Back before the advent of blogging, I would sometimes give an idle thought to writing a book about my experiences in the investment industry. It wouldn’t be fiction because, trust me, you couldn’t make this stuff up, and there’s certainly no shortage of humorous, not to say surreal, material in that strange world I left, without regret or backward glance, more than two and a half years ago.
Reality bites, and I know now that the book will never be written. The shortfall in my literary ability is unbridgeable and while this doesn’t seems to have deterred E L James, I suspect that bondage probably has broader mass appeal than the bond market.
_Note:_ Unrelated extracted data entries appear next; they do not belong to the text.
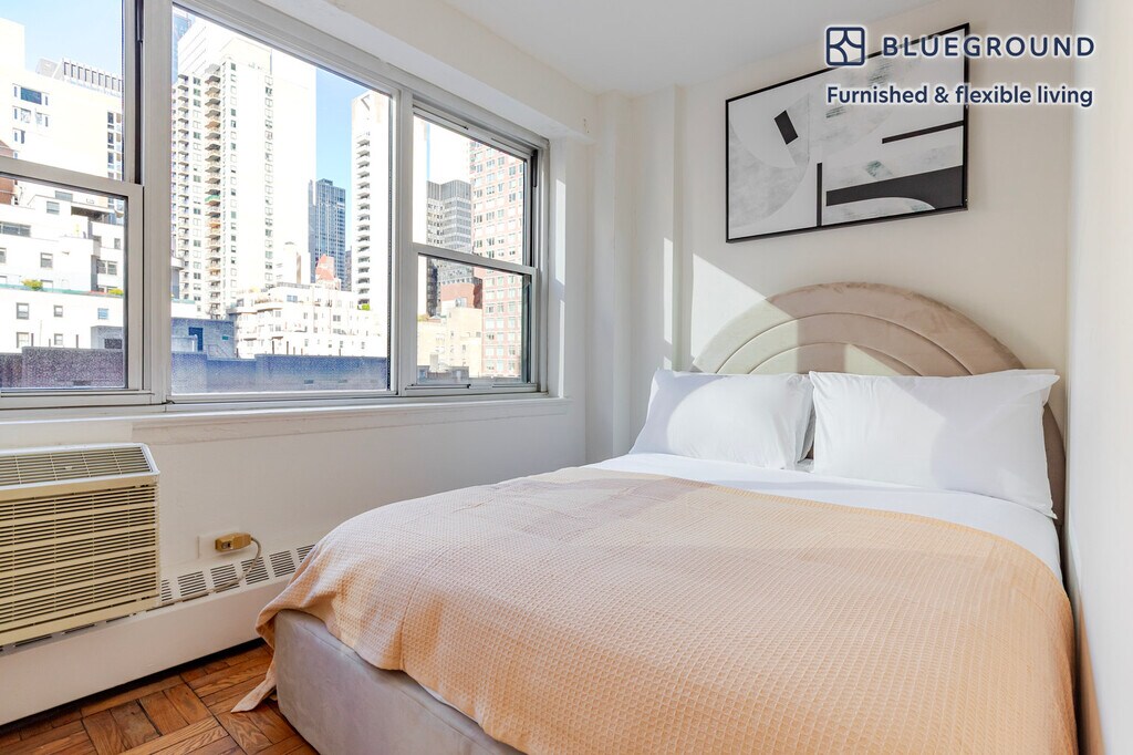 Discover the best of New York, with this two bedroom apartment in Midtown East. It’ll be easy to simply show up and start living in this fashionably furnished apartment with its fully equipped kitchen, bright living room, and our dedicated, on-the-ground support. (ID #NYC2164) The advertised rate of $4,940/month is the lowest available price, based on a 5 month(s) and 15 day(s) stay with a move-in date of December 17, 2027. If you’re looking for a 1-year stay, the rate is $5,120/month. Rates vary depending on the duration of stay, season, and other parameters. For exact pricing and additional pricing components, please visit our website and enter your desired move-in and move-out dates. The rate is applicable when billed upfront; it can be higher if billed in multiple payments. Brokers are welcome to reach out. Were you looking for an unfurnished lease? Try Blueground instead and upgrade from unfurnished to furnished living: - Furnished at rates comparable to unfurnished - No setup or furniture costs - save thousands - Move-in ready - save time, just bring your suitcase Designed with you in mind As with any Blueground apartment, you’ll find a thoughtfully designed space complete with beautiful furniture and a fully equipped kitchen in this two bedroom property. And, thanks to our superior quality mattresses, luxury linens, and towels, you can relax knowing you’ll always feel comfortably at home. When you’re ready for some fun, you can take in the New York vibes or bring the entertainment to you with the premium wireless speaker or smart TV. Sleeping arrangements Queen Bed, 63in/160cm Queen Bed, 63in/160cm Amenities Building amenities unique to this two bedroom apartment include an on-site: - Doorman - Dryer in building - Elevator - Washing machine in building Arrival and ongoing support The entire apartment is yours to enjoy! Throughout your stay, you’ll have access to our Client Experience team through the Blueground App. You can schedule additional cleanings, submit maintenance requests, and view our neighborhood recommendations with just a few taps. We’ll share all details upon confirmation of your stay. Ideally Located This furnished apartment is located in Midtown East. This bustling neighborhood is home to NYC landmarks like the Empire State Building, the United Nations' headquarters, and Grand Central Station. Midtown East is also home to a thriving dining scene, with everything from humble food carts selling hotdogs to white-tablecloth restaurants with multiple Michelin stars. There are also many cultural attractions, including the Museum of Modern Art, the lovely Japan Society, the historic Morgan Library, and more. Midtown East is also home to some incredible shopping, from the international flagship stores along Fifth Avenue to Bloomingdale's, one of the city's best-loved department stores. Other things to note This Blueground apartment has flexible lease options, allowing you to book it for one month, a year, or more. Brokes CYOF. We take great pride in ensuring every photo displayed is shot in our own units with our actual furnishings. That said, we regularly refresh our decor and furniture arrangement, which may differ from what’s pictured. [SI]
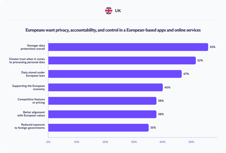 The research suggests a potential shift in consumer behavior is underway, with 57% of respondents indicating willingness to switch to European alternatives when possible. This trend toward "digital sovereignty" reflects growing awareness that geographic jurisdiction matters significantly in how personal data is handled and protected.
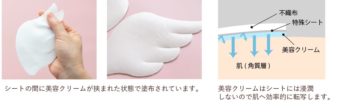 シートは不織布とクリームの間に特殊なシートを挟み込んだ2層構造。放出した液を再吸収してしまうことはありません。
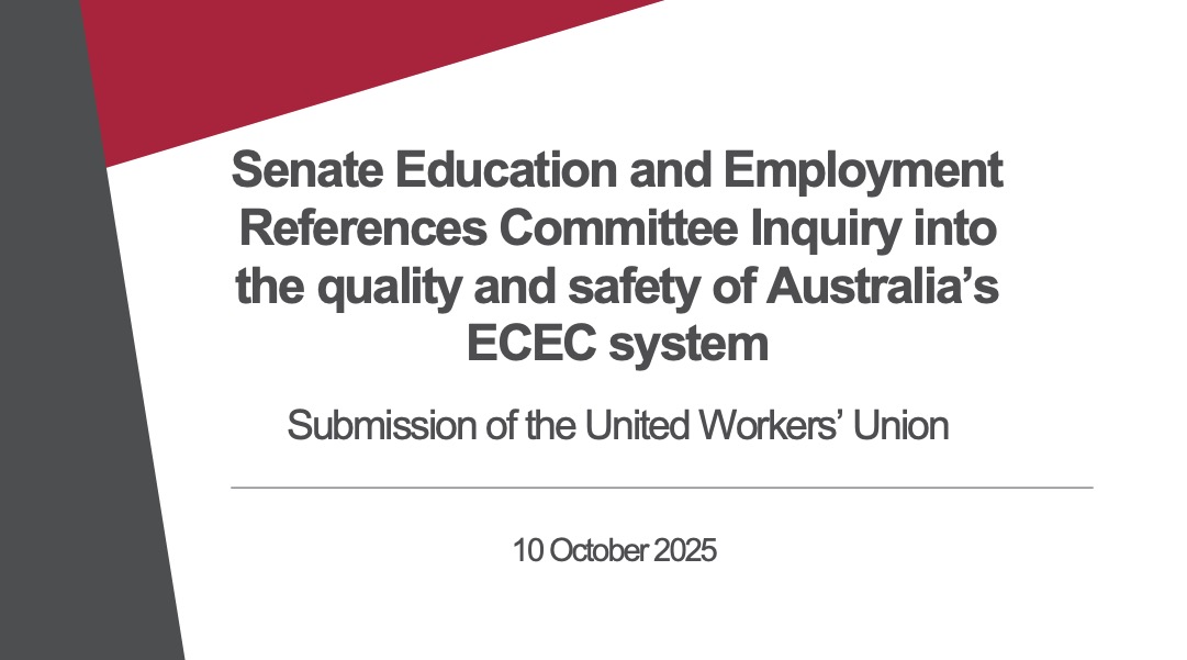 UWU submission to the Senate Inquiry into Quality and Safety of Australian Early Childhood Education and Care. UWU recommended that the Australian Government adopt UWU’s safer staffing action plan, increase regulation of for-profit providers and move towards public provision of ECEC.

I also doubt that I have the powers of concentration or self-discipline that would be required to put it all together in a coherent fashion. Instead, my life is being laid out in unconnected instalments in the various posts on this blog.
So basically you’re already getting my autobiography – by stealth.
Be that as it may, the book was, for a brief period, a semi-serious project. Well, it was if the definition of semi-serious is deciding on a title and writing a short introduction.
It was going to be called ‘The Analyst Is Out’, inspired by Lucy from the Peanuts cartoons:
When I definitively decided to abandon the project – such as it was – I deleted what little I had written. I now wish I hadn’t, but at the time I was following the advice of Stephen King in his book ‘On Writing’: “kill your darlings, even when it breaks your egocentric little scribbler’s heart, kill your darlings”. It was probably the ‘egocentric’ jibe that led me to do it. The last thing I’d ever want is to be accused of is egocentrism. Well, it’s just asking for trouble, isn’t it? Besides, an egocentric blogger? Surely there’s no such thing.
Anyway, it’s gone, but then WordPress came up with this recent Daily Prompt: “Write the blurb for the book jacket of the book you’d write, if only you had the time and inclination”
So moved, I’ve tried to drag from down the back of the sofa of my memory at least the gist of that short introduction – or blurb, for want of a better word. It went something like this:
So there I was, kicked back in my first class seat a couple of hours into a Qantas flight from Sydney to Los Angeles.Toying with my caviar and blinis, washed down with alternate shots of chilled vodka and Krug, I imagined I could see small palm-fringed islands below, as ‘Shine On, You Crazy Diamond’ pounded through my headphones.
‘This, me old son’ I said to myself, ‘isn’t such a bad way to make a living’.
ABOUT THIS BOOK
During a thirty year career as an investment analyst […..] lived through the Big Bang and the Crash of ’87, got made redundant – twice, flew round the world first-clas at someone else’s expense at least three times, and came to know more than was really good for his sanity about the foibles and accounting chicanery of the European banking system. He stuck at it for so long that he eventually reached that state of grace where absolutely nothing could surprise him.
Except maybe RBS buying ABN AMRO.
This book isn’t about the turgid detail of capital ratios, privatisation prospectuses or the theological difference between bad and doubtful debts. Instead, it’s more about the characters that inhabit the parallel universe that is the investment business: the inept, the insouciant and the just plain insane. It’s also about some of the things they got up to: also inept, insouciant and plain insane.
He knows them well, because In his time he worked with some of the brainiest people on the planet and also some of the most gratuitously unpleasant. A few of them managed to be both at the same time. Bound by the conditions of his various termination agreements he can’t name names. But they know who they are.